犬の前十字靭帯断裂症 手術法:脛骨高平部水平化骨きり術(TPLO法)
症例:10歳 ヨークシャーテリア 去勢オス
症状:3日前から急に右後足を挙上、跛行するとのことで来院。触診、レントゲン検査にて前十字靭帯断裂症が強く疑われました。
脛骨が前方に変位し、ファットパットサイン(関節炎)所見も認められます。
また、元々、膝蓋骨内方脱臼症もあり、それにより前十字靭帯に負荷がかかったものと思われました。通常は体重の軽い小型犬なら包帯などでも改善することがありますが、この症例はヨークシャーテリアですが7kg以上のかなりの肥満で、さらにクッシング症候郡も併発しており保存療法での改善は難しいと考えられました。
腹部レントゲンにて腹腔内脂肪および肝臓の腫大が認められます。
2週間は鎮痛剤および包帯とケージレストで経過観察を行いましたが改善ないため手術を行いました。
手術方法は、従来のナイロン糸と使用した関節外法がありますが、この方法では術後の関節炎の進行が止まらないため痛みが継続することと、糸が切れて再発する可能性があります。大人しく、体重の軽い犬なら大丈夫ですが、この症例は年齢の割には元気に動き回り体重も重いため、従来の方法では再発する危険性があります。
そのため現在では脛骨高平部水平化骨きり術(以下TPLO法)と言われる方法が主流になっています。この方法の原理は脛骨の角度を調節することにより膝関節にかかる筋肉の力を変化させて前十字靭帯断裂により引き起こされる脛骨の前方変位を中和し、関節の動的な安定をもたらす手術方法です。海外ではTPLO(脛骨高平部骨切り術)が最も多く行われている方法で、これらの手技は関節外法と比較し早期の回復が望まれ、その安定度や回復は関節外法よりも優れているとされています。

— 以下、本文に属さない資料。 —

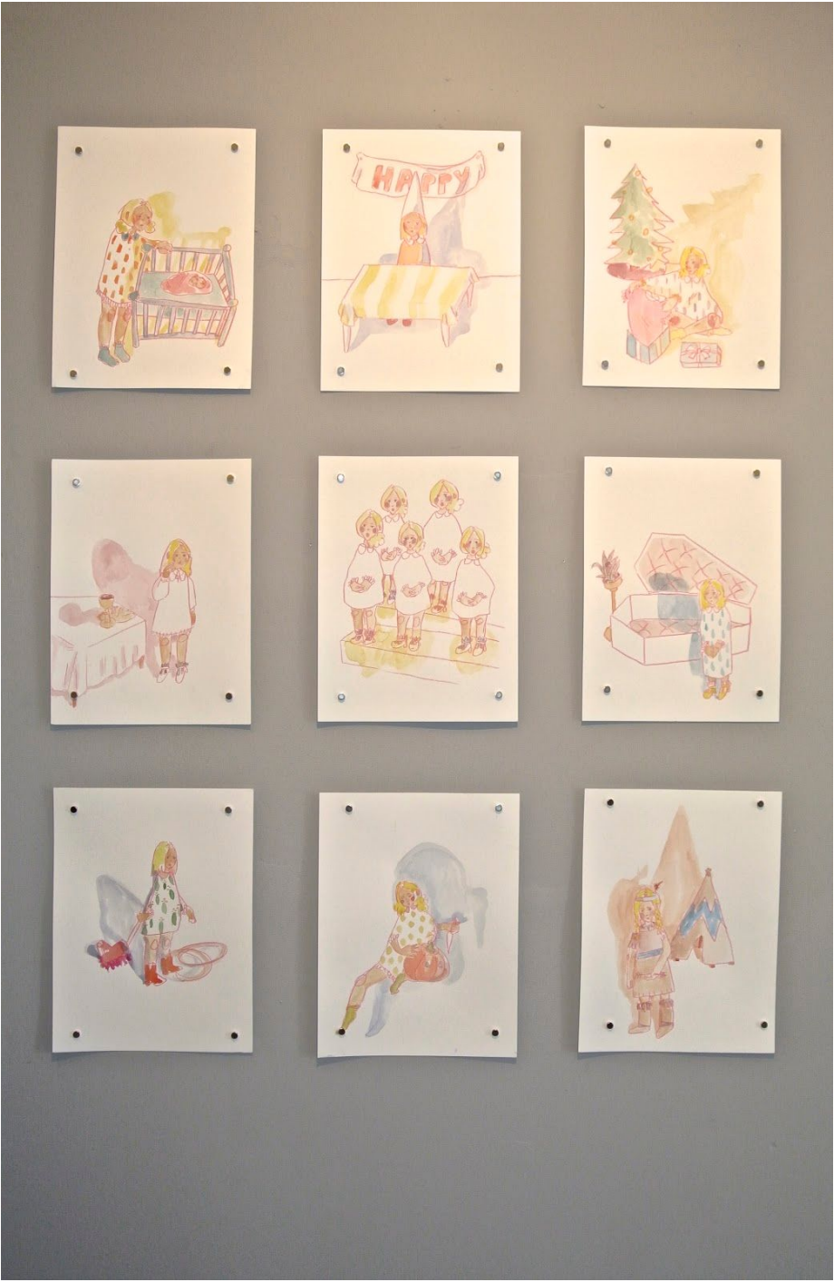
Figure 9: Empty Rituals

当院ではTPLOを実施することが可能です。その犬の程度によりますが、TPLO法を実施した90%以上に症状の改善を認めています。一般的にTPLO法は体重の重い大型犬の手術として認識されていますが、前十字靱帯断裂症は小型犬でも多く認められ、小型犬の前十字靱帯断裂症で一般的に行われている関節外制動術に比較し、良好な改善を認めています。
そのため今回のわんちゃんもTPLO法で手術を行いました。
まず半円形に骨を切断できる特殊なブレードを使用して脛骨の骨きりを行います。
L字型の特殊プレートを使用して、角度を補正して骨きりした部分の固定を行います。
最後に膝蓋骨内方脱臼整復手術を同時に行い、手術終了としました。
術後レントゲンです。体重のかかる脛骨高平角が水平に近づきました。これなら体重をかけても痛みはほとんどでないと判断されます。
術後は2日目から負重可能となり、4日目からは歩行可能となりました。術後2週目には走れるようになり、経過は良好でした。
この手術方法のメリットは術後回復が早く、関節炎が進行しにくいため痛みの治療が最小限で済むことです。デメリットは手術には術者の経験が必要であることと、器具が特殊で手術までに準備がかかることです。ただ、犬にとっては痛みや再発がないのが一番なので、これからはこの方法が日本でも主流になるでしょう。